Under suitable assumptions (see Chapter 1 in [26]), for any $\textbf{u}(s)\in\mathcal{U}$ equation (1) has a unique solution $\textbf{x}_{s}$ and the cost function (2) is well-defined. We call $(\textbf{x}_{s},\textbf{u}(s))$ an admissible pair. Any $\textbf{u}^{\ast}(s)$ is called an optimal control if it satisfies

\textbf{u}^{\ast}(s):=\mathop{\arg\min}\limits_{\mathbf{u}(s)\in\mathcal{U}}J(% t,x;\textbf{u}(s)).
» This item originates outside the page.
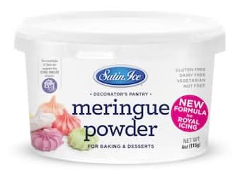 Find the Satin Ice Meringue Powder, 4oz. at Michaels. Perfect for mixing up royal icing, stabilizing marshmallow and whipped cream frosting and making lovely pies and cookies with high, stiff peaks, this meringue powder from Satin Ice is a must have ingredient for any baker's kitchen. 4 oz. (115 g). Vegetarian and gluten free. Dairy and nut free. New formula for royal icing. Modified food starch and dried egg whites. Satin Ice Meringue Powder, 4oz.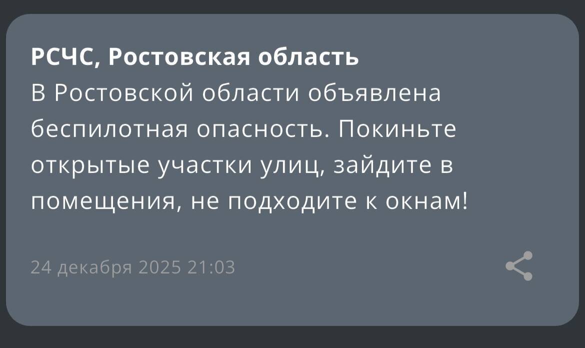 ‼️Экстренная информация РСЧС: В Ростовской области объявлена беспилотная опасность.

The corresponding state process $\textbf{x}^{\ast}_{s}$ is called an optimal trajectory and the state-control pair $(\textbf{x}^{\ast}_{s},\textbf{u}^{\ast}(s))$ called an optimal pair.

2.2 Verification theorem

We define the value function as

q(t,x):=J(t,x;\textbf{u}^{\ast}(s))=\min\limits_{\mathbf{u}(s)\in\mathcal{U}}J% (t,x;\textbf{u}(s)).

The following theorem shows the evolution of the value function along the optimal trajectory and at the the final time, which is deduced from the stochastic verification theorem (see Theorem 5.1 in Chapter 5.5 of [26]). The detailed proof is given in A.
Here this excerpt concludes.